9:55PM. With beer and words in my head, but a lack of energy from day. A day which has been, with any high level of critical impulse, flawless. I mean, today was and still is proving to be perfect. My lecture tonight, energized and multiform. But now, I’m winding down, much I don’t want to. With night’s cap, a Lagunitas, and one of the small windows just by the stairway open, all the cool evening air (and it is surprisingly cool on the other side of that door) in. Don’t feel the usual wind strokes that I mention in morning writings, but I’m eased.
Not expecting tomorrow to have quite the awesome roar of today, but I do want to mimic certain facets and qualities— Goddamn train keeps honking its fucking horn. Better not wake my babies. I sip the Sumpin’ to calm me. Where am I going with my writing tonight? What do I want to say? Wanted to write a 500-word piece about running and what it does for me, how it’s the ‘IT’ that Sal and Dean sought but never truly reached, and how running acquires for me certain settings and emboldenments that writing doesn’t. Running confirms I’m alive and going somewhere, feeling something in a way writing can’t. Don’t mistake— writing is my master passion, above all (except family). Running gives me something to write about, something to write from, much the reason I opened this beer. Celebrate this perfect day, my 13.1 miles. Started with the decision to run a half-marathon. Which I did. And in admirable, or at least respectable, time. Feel myself getting tired, but I won’t let myself stop. But I keep going for what? I don’t know… enjoy a freewrite. Why not? I write like I run and run like I write. Tirelessly.

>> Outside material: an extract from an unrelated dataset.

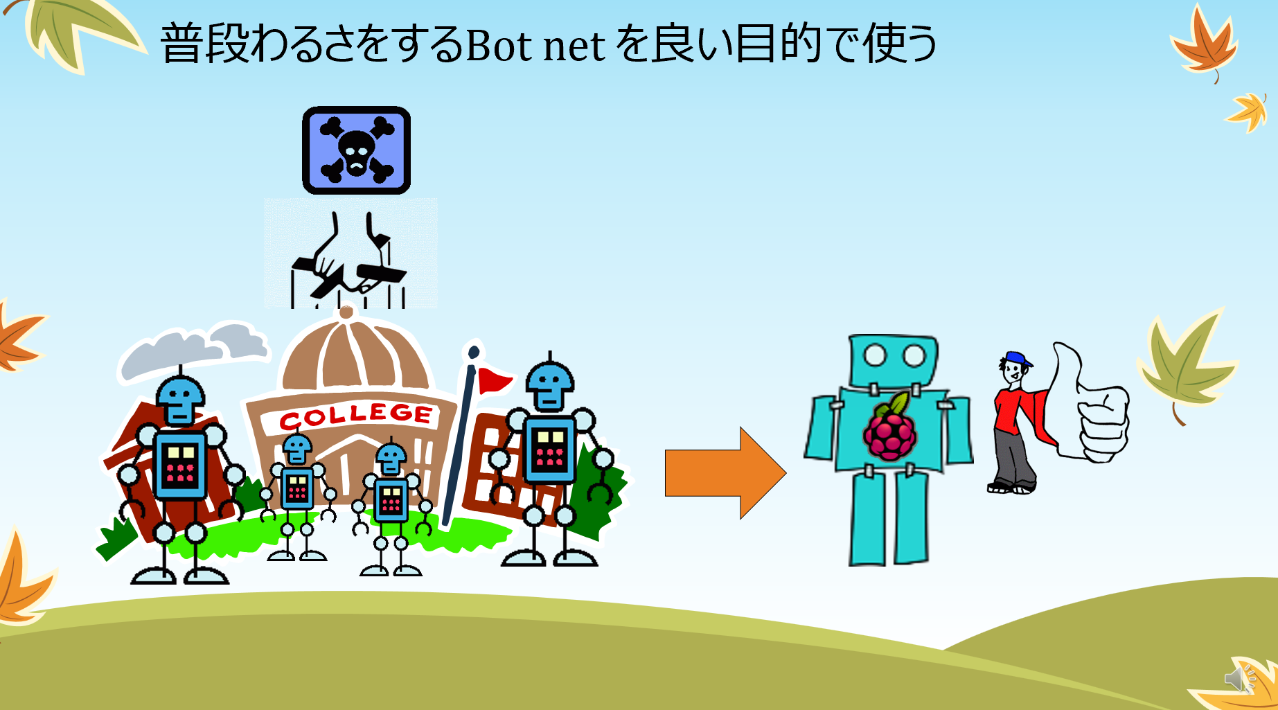 • https://www.slideshare.net/takashiyamanoue/a-botnet-detecting-infrastructure-using-a-beneficial-botnet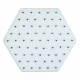 It has 61 pins spaced evenly over an 8-inch hexagon tile.

All these receipts on my desk. Been slacking on my bookkeeping. I’m fine with money, for the moment, but I need to be better about tracking spending, monitoring trends, sequestering funds. Especially if I’m to run and operate a business, and eventually invest in real estate, right? So what have I spent today… $11.70 at lunch, which was a turkey & cheddar sandwich, chips (which I didn’t eat and left in Alice’s car which she and little Kerouac ate), and a sparkling water. Then on campus, I think $4.10, for a Coke, sparkling water, and trail mix. Oh shit.. then there was the bottle of Tempranillo from Imagery, which was what out the door, $24-something? Not that much, but more than I would have liked. Need another sip…
Have to go through the videos I shot at Imagery. Forgot how enrapturing and urging that winery is, especially for writers like me that don’t really want to taste but more just saunter about the picnic tables, reside at one for a couple hours, write, leave, imagine owning a winery, everyday being one to write, sip, nap, wake again to sip, walk the rows, and again.